If there are multiple paths with the same maximum minimum value, should I return any one of them, or is there a specific criterion to choose one?
If no path exists from the top-left to the bottom-right, what value should I return? For example, should I return negative infinity, zero, or throw an exception?
Is the input matrix guaranteed to be non-empty and rectangular (i.e., all rows have the same number of columns)? What should I do if the input matrix is null or empty?

Brute Force Solution

Approach

The brute force strategy for finding the path with the maximum minimum value involves exploring every possible path through the grid. We determine the smallest value along each of these paths, and then, select the path where that smallest value is the largest.

Here's how the algorithm would work step-by-step:

Imagine you're exploring a maze, and you can only move right or down.
Start at the top-left corner and try going down, then right.
For each path you take, remember the smallest (or weakest) value you encountered along the way.
Continue trying all possible routes to the bottom-right corner.
Once you've explored all possible paths from the start to the end, compare the weakest value of each path.
The path with the highest weakest value is the one we are looking for.

Code Implementation

def find_max_min_path_brute_force(grid):
    rows = len(grid)
    cols = len(grid[0])

    def explore_paths(row_index, col_index, current_path, min_value_so_far):
        if row_index >= rows or col_index >= cols:
            return -1  # Path is invalid

        current_value = grid[row_index][col_index]
        new_min_value = min(min_value_so_far, current_value) 

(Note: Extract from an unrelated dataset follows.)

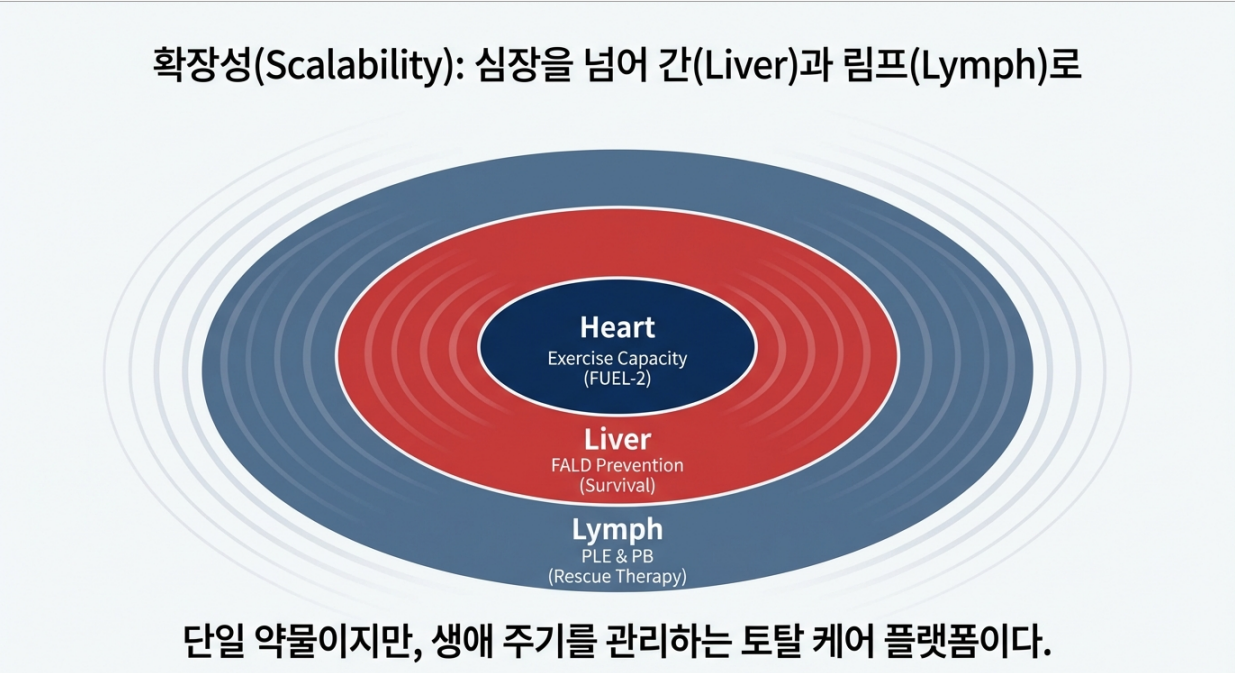 투자자들이 메지온을 볼 때 가장 많이 하는 오해는 “운동 좀 더 잘하게 해주는 약(Lifestyle Drug) 아닌가?”입니다. 하지만 유데나필의 본질은 **“펌프가 없는 심장(폰탄 순환)의 혈류 역학을 교정해 장기 생존율을 높이는 질병 수정 약물(Disease‑Modifying Drug)”**에 더 가깝습니다. 이 섹션에서는 유데나필이 왜 폰탄 환자에게 필수인지, 그리고 FUEL‑2 성공 이후 시장이 어떻게 ‘간(Liver)’과 ‘림프(Lymph)’로 확장되는지 그 큰 그림을 정리합니다.

        if row_index == rows - 1 and col_index == cols - 1:
            return new_min_value # Reached the end

        # Explore going down
        down_value = explore_paths(row_index + 1, col_index, current_path + [(row_index + 1, col_index)], new_min_value)

        # Explore going right
        right_value = explore_paths(row_index, col_index + 1, current_path + [(row_index, col_index + 1)], new_min_value)

        # Return the larger of the two paths.
        return max(down_value, right_value)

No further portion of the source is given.